When you reach the line that contains "使用纵断面图栅格来显示平面路线的一个或多个纵断面。", begin copying exactly, and continue through the last line of the data; no pictures belong in the copy.
____ GIVEN DATA
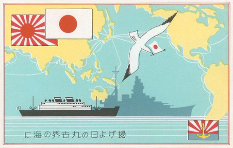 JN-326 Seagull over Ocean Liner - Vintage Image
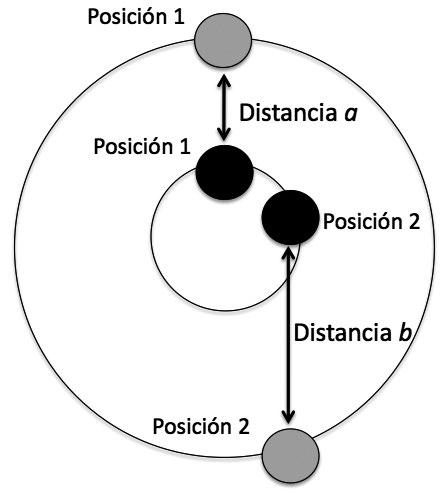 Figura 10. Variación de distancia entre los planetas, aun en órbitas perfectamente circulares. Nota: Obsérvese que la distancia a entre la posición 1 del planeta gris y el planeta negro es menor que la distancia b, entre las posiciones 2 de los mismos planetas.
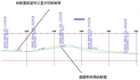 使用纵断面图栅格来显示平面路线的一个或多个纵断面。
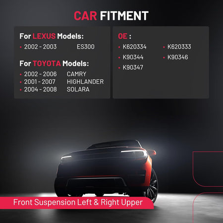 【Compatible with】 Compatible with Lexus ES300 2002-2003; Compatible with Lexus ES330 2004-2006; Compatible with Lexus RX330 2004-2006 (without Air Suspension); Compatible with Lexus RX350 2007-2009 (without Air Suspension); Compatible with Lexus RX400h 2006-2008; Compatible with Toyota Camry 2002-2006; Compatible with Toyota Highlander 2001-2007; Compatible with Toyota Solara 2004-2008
________
RESULT.
 使用纵断面图栅格来显示平面路线的一个或多个纵断面。
 【Compatible with】 Compatible with Lexus ES300 2002-2003; Compatible with Lexus ES330 2004-2006; Compatible with Lexus RX330 2004-2006 (without Air Suspension); Compatible with Lexus RX350 2007-2009 (without Air Suspension); Compatible with Lexus RX400h 2006-2008; Compatible with Toyota Camry 2002-2006; Compatible with Toyota Highlander 2001-2007; Compatible with Toyota Solara 2004-2008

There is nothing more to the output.